Пройдя пограничный контроль, «турист» попадает на контроль
таможенный и здесь несет первые убытки, хотя китайская таможня по
сравнению с казахской или российской – детский садик. Здесь
грабят только по мелочи. Например, Иванов, Петров и Сидоров
везут с собой одинаковую еду: копченую колбасу, мясную нарезку
в вакуумной упаковке и рыбные консервы. Иванову говорят:
«Колбасу нельзя», – и ее забирают. Остальное можно. Сидорову –
нельзя нарезку, а колбасу пропускают. Петров же лишается
рыбных консервов.

Все это скорее смешно, чем грустно, и здесь челноки никогда не
спорят, а те, что поопытней, вообще не берут с собой еды. Слава
богу, не в голодный край приехали, в любом магазине есть еда,
и какая хочешь. Кроме того, на таможне пропускают лишь по
литру водки на брата и по десять пачек сигарет, но это уже на
законном основании. На китайской таможне никогда не зарятся
на твой карман, не устраивают провокаций, не тянут денег.

Вырвавшись из объятий официальных органов, группа челноков выходит
под палящее солнце и сияющее, безупречно синее небо
Синьцзяна, на стоянку аэропорта; официальная часть как бы закончена,
дальше каждый сам за себя.

Старший группы давно уехал на такси в гостиницу – выбивать склады, а
сама группа села в автобус, который не едет, сколько ни
возмущайся, – встречающая турфирма, сговорившись с другой и
третьей, решила за те же деньги перевезти в одном автобусе три
челночные группы вместо одной. Ладно, это обычное дело.

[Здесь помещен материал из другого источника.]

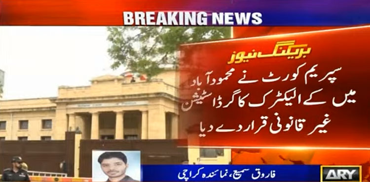 KARACHI: The Supreme Court on Thursday declared a grid station of the K-Electric in Karachi’s Mehmoodabad neighbourhood illegal, reported ARY News.
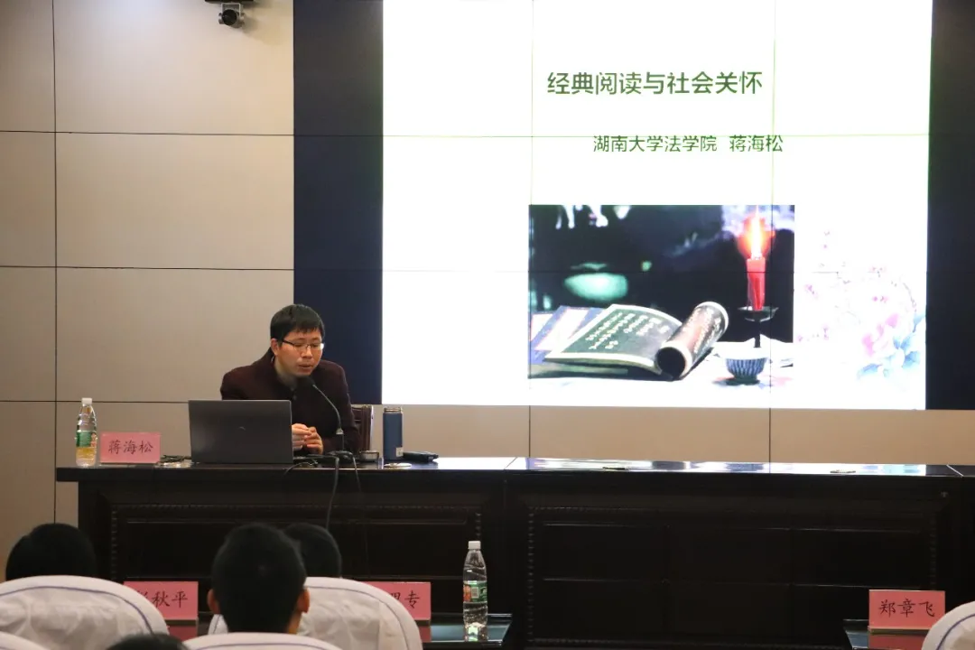 副院长、“全国七五普法先进个人”获得者蒋海松老师作题为“经典阅读与社会关怀”的讲座, 海角社区
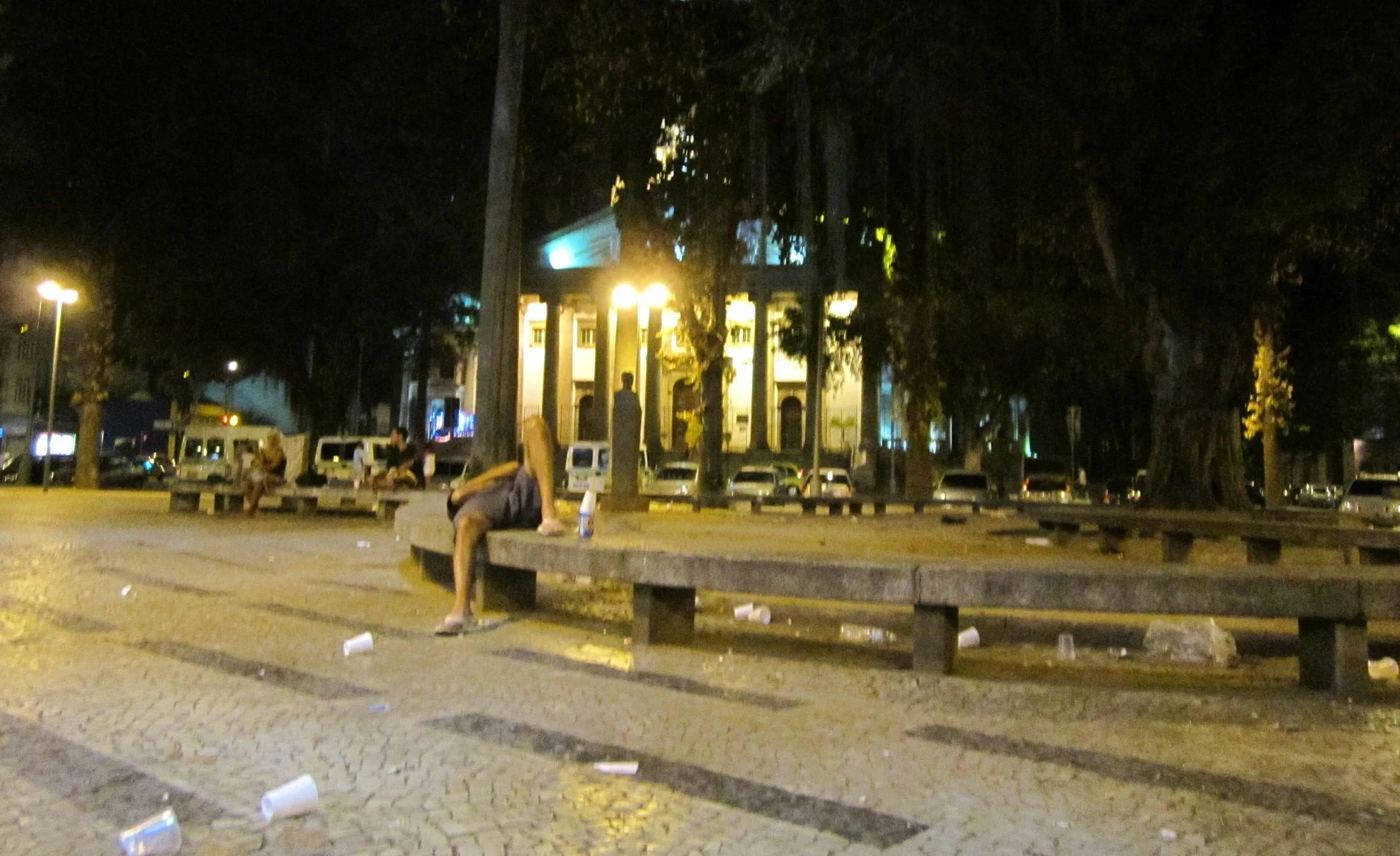 Irgendwann ist dann Lemé erreicht - die linke Seite der Copacabana. Hier ist es etwas ruhiger. Am Strand Grüppchen von Brasilianern, die es sich gemütlich gemacht haben. Mit Stühlen, Bänken, Tischen und Zelten. Silvester wird hier als Familienfest begangen - eine große Feier mit einem opulenten Abendessen dazu. Einige verbringen die Nacht auch hier. 'Gepullert' wird wie selbstverständlich ins Meer. Dazu ist es schließlich da. Dem Silvestertouristen sei eindringlich vor einem Bad am nächsten Tag hier gewarnt.

А автобус уже, как всегда, окружили уйгуры, молодые шпанята,
«переводчики» с понтом. Орут, галдят чего-то. Многих старых
челноков узнают, стучат в окно, здороваются. «Сталина» узнали,
кричат:

– Сталин, здраст, Сталин!

– Сталин, я тибэ памагай буду! – смеются. Это значит, что прицепятся
и будут таскаться хвостом с утра до вечера, мешать во всем,
в чем можно.

Собственно, «Сталин» – это я, поскольку дерзаю носить очки и бороду,
отчего, по мнению уйгуров, очень похож на Сталина. Попытка
объяснить, что настоящий, исторический Сталин не носил ни
очков, ни бороды, успеха не имела. Мне было наплевать – Сталин
так Сталин, на прибыль это не влияет. Могли бы и похуже
прозвать – например, «капитаном». По-русски в «капитане» нет
ничего плохого, но уйгуры так называют полицейских, и
следовательно, это тяжкое оскорбление. С русского, конечно, что
взять, а уйгур, если себя уважает, может ударить в ответ ножом.
Для того он и существует, широкий уйгурский нож в кожаных
ножнах, что висит на поясе каждого настоящего уйгурского
мужчины и юноши. Местные власти этого не запрещают – таков
национальный обычай.

У уйгуров и русских вообще многие понятия отличаются. Например,
безобидный русский жест «сыт по горло» – провести по своему
горлу ребром ладони – для уйгура означает «горло перережу» –
угроза и прямое оскорбление. Кто не знает, может нарваться на
неприятности.

Насчет же «памагай буду» ребята явно погорячились – «Сталин» хоть и
не из самых старых челноков, но в Урумчи был уже много раз,
дело разумеет, с него денег не сорвешь. Знают это и уйгуры,
а кричат так, для смеха.

Новичку – беда, за ним увязываются целым табуном. Куда челнок, туда
и уйгуры, пристают с разговорами (многие говорят по-русски):
«Э, брат, когда приехал? Откуда приехал? Какой товар нужен?
По какой цена нужен?» В разговоре по реакции челнока
пытаются определить, не трус ли, знает ли урумчинскую обстановку,
нельзя ли наехать, как-нибудь надуть, вытянуть деньги. Да и
на карман поглядывают, хорошо ли за ним хозяин следит.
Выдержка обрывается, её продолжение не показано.